彼女の食事風景をぼんやりと眺めていると、銀糸の前髪が揺れるその向こうではぱちぱちと瞬きをする緋色の瞳が不思議そうに此方を覗き込んでいる。その瞳と視線が合うと彼女は目を細めて笑みを溢した。
「ふふ、ヴィーシャってば百面相ね」
端正な顔立ちがへらりと表情を崩した。『見ていて飽きないから、気が紛れて少しずつ食べられそう』と大変前向きなコメントも頂戴したが百面相とは失礼な。

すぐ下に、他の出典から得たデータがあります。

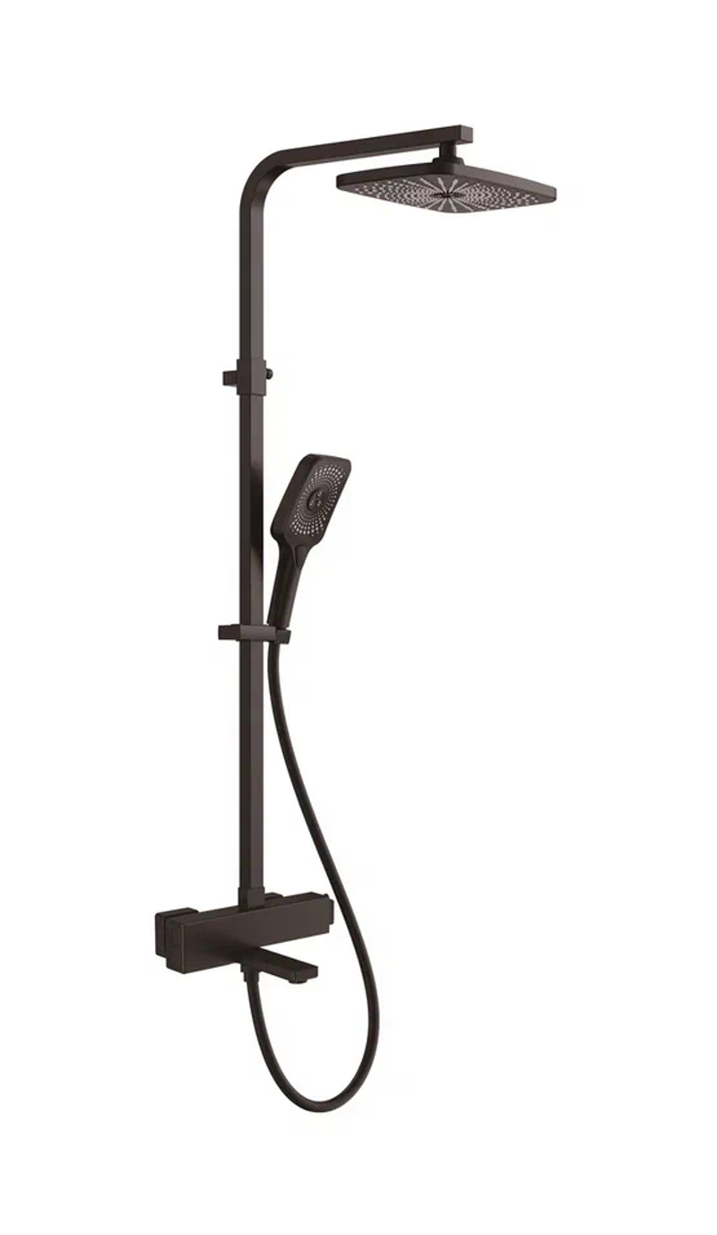 смеситель, верхний душ, штанга с держателем душевой лейки, душевая лейка, шланг, эксцентрики

「フォーク持って殺気立ってたサガの方が面白かったと思うけど…」
「え、そう?」
「サガの周囲だけ席空いていたし、グランツ少尉も怖がってた」
サガ本人が自覚する以上に異様な空気を放っていたことを指摘して怯えるグランツの真似をしてみせると、『あら、それは少尉に悪いことをしました』と然して気に留める様子も無くましてや彼に弁明をする訳でも無く、ただ淡々とコメントを述べた。
「ふ」「あはは」
どちらからともなく笑い声が漏れる。
女性士官二人の楽しげな声が食堂内を駆け抜けると、聞き耳を立てていたグランツ少尉が『ちょっと!お二人して小官を笑い者にしてないですか!?』と憤慨しながら二人の席に向かっていった。
+++++
「セレブリャコーフ少尉より先に声掛けてやれば良かったのに、なんで行かないかなあ」
言葉には出さないが『馬鹿なの?お前』と声色で伝わる様に言い咎めると、ケーニッヒは言い淀むように明後日の方角に顔を背けた。
「………あんな少尉の様子だと声は掛け辛いだろ」
食堂で彼女を見掛けた時本当は直ぐにでも声を掛けるつもりでいた。
だけど普段目にすることもない表情を彼女がしていたものだから、もう少しだけ其れを見ていたいと思ったのだ。